Order of elements in Cyclic Groups

Short, sweet, to the point. More of the number theory aspects.

Let $G$ be a cyclic group of order $n$ and $a$ generate $G$, ie $\mid ⟨a⟩\mid =n$. Then for $b=a^k\in ⟨a⟩$, order of b is $\frac{n}{gcd(n,k)}$

Practice:

In ${\mathbb{Z}}_{12}$ through this we know the order of 1 is $\frac{12}{gcd(1,12)}=12$.
order of 2 is 6
order of 5 is also 12 so $⟨5⟩=⟨1⟩$
This adds more intuition to what we proved in All Ideals in integers mod n

This explains why all subgroups of ${\mathbb{Z}}_n$ are devisors of n, because:
For any generated subgroup $⟨a⟩$ we know $a=1^a$ (additively) so

order of $a=\frac{n}{gcd(n,a)}$; or the number of elements in $⟨a⟩$.

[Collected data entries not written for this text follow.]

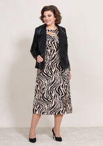 Комплект из костюмной ткани на подкладке, состоящий из жакета и юбки. Жакет приталенного силуэта с прорезными карманами с клапанами по переду. Воротник-английский, рукава - двухшовные. Застегивается на две пуговицы.  Юбка на подкладке, слегка зауженная к низу, с рельефами и поясом.  В среднем шве заднего полотнища юбки - застежка-молния и шлица. Кант по краю борта, клапанам и рельефам юбки добавляет стиля и элегантности.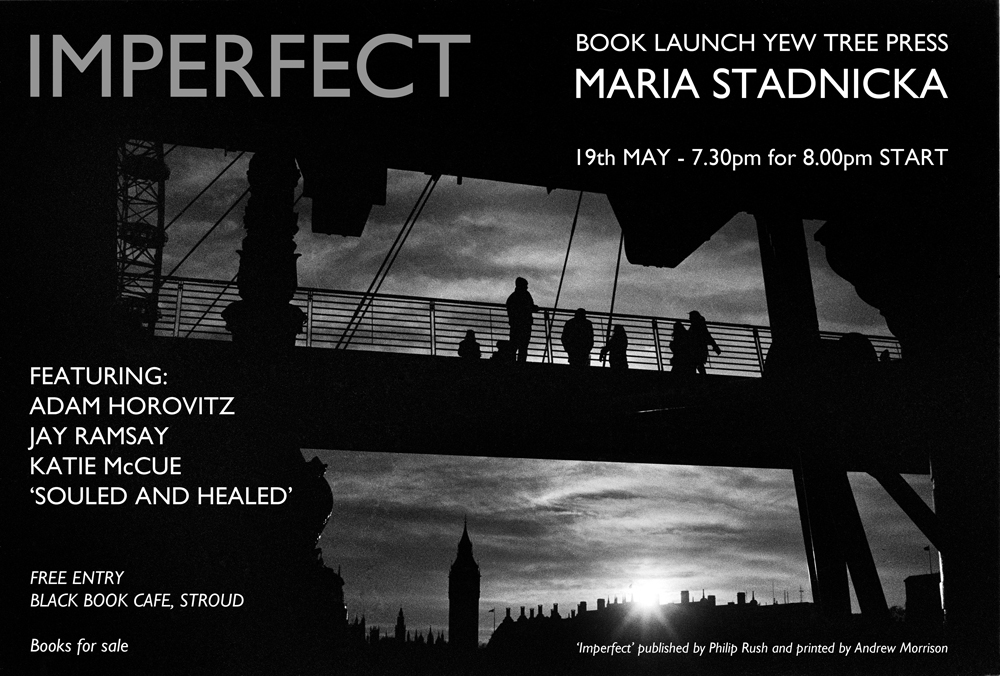 This is it. The book is done, the summer arrived. ‘Imperfect’ is published by Yew Tree Press, Philip Rush, Stroud, Gloucestershire, UK and printed by Andrew Morrison, Stroud, UK. Price: £10 with free P&P.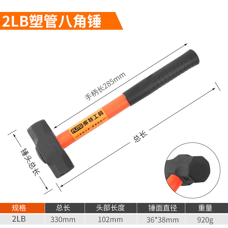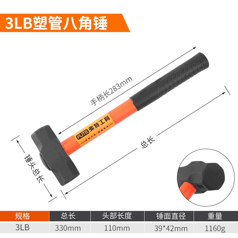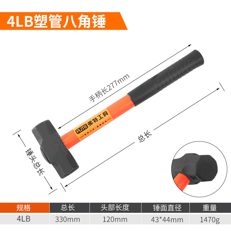 포르테 산업용 PVC 플라스틱 파이프 팔각형 해머 해머 234LB 충격 방지 핸들 블랙 헤드 타악기 해머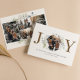 Esta es una tarjeta plana doble de Navidad alegre con tipografía moderna y vegetación de acuarela alrededor de una foto circular. Cuenta con 5 fotos en total. Fotos de prostooleh / Freepik.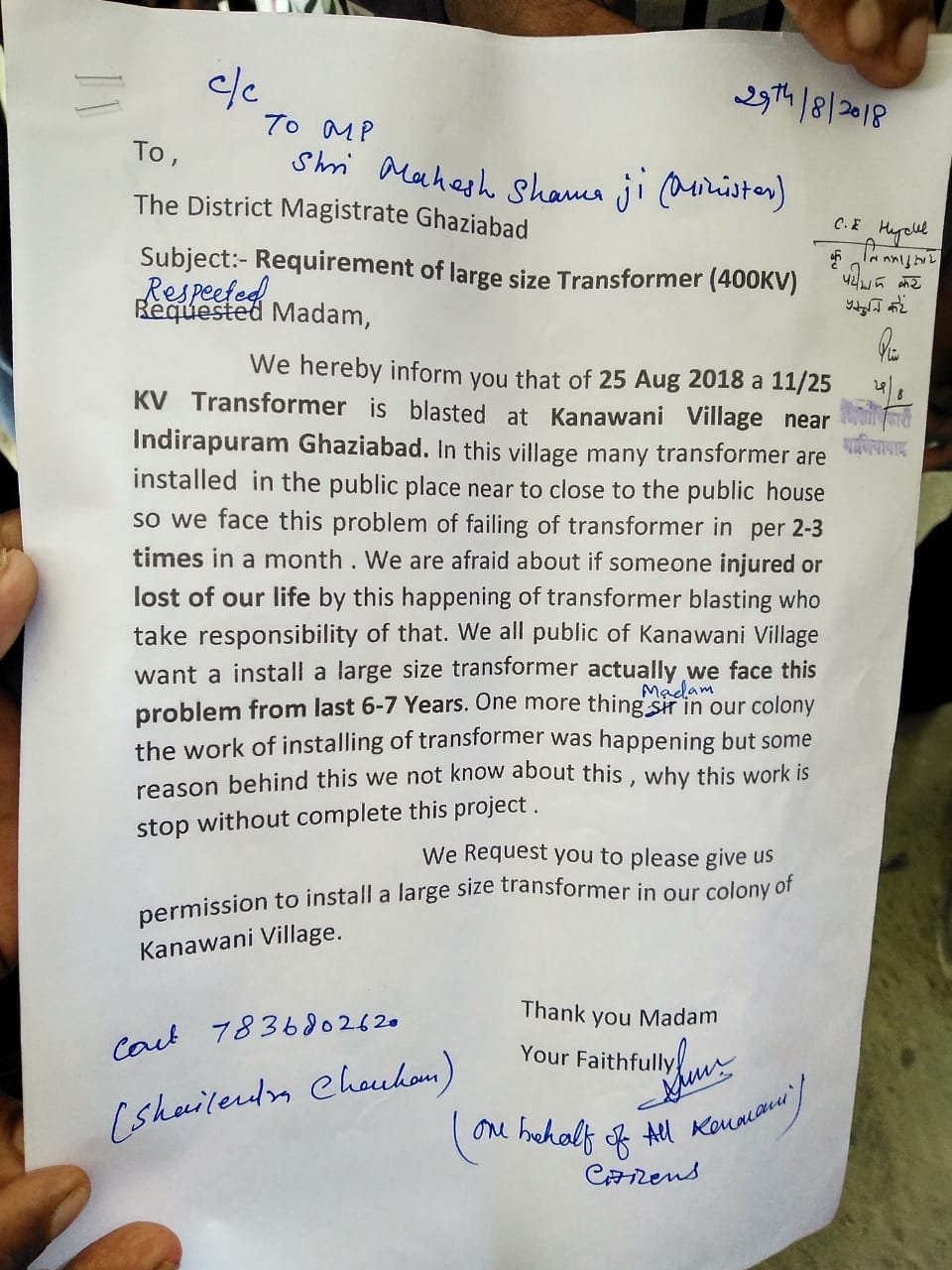 In a letter dated 29 August to the Ghaziabad district magistrate, the residents reiterated their demand for a 400 KV transformer.

So if we are in ${\mathbb{Z}}_{12}$ then we see that $a=\frac{12}{gcd(12,a)}$ and from here, we know all possible subgroups of ${\mathbb{Z}}_{12}$ are all cyclic. However, 2,4,6 have the same gcd so $⟨6⟩=⟨4⟩=⟨2⟩$ as they all have 6 elements. This breaks everything down to $a$ just being the devisors of 12 as the other devisor will be $gcd(12,a)$ for all elements.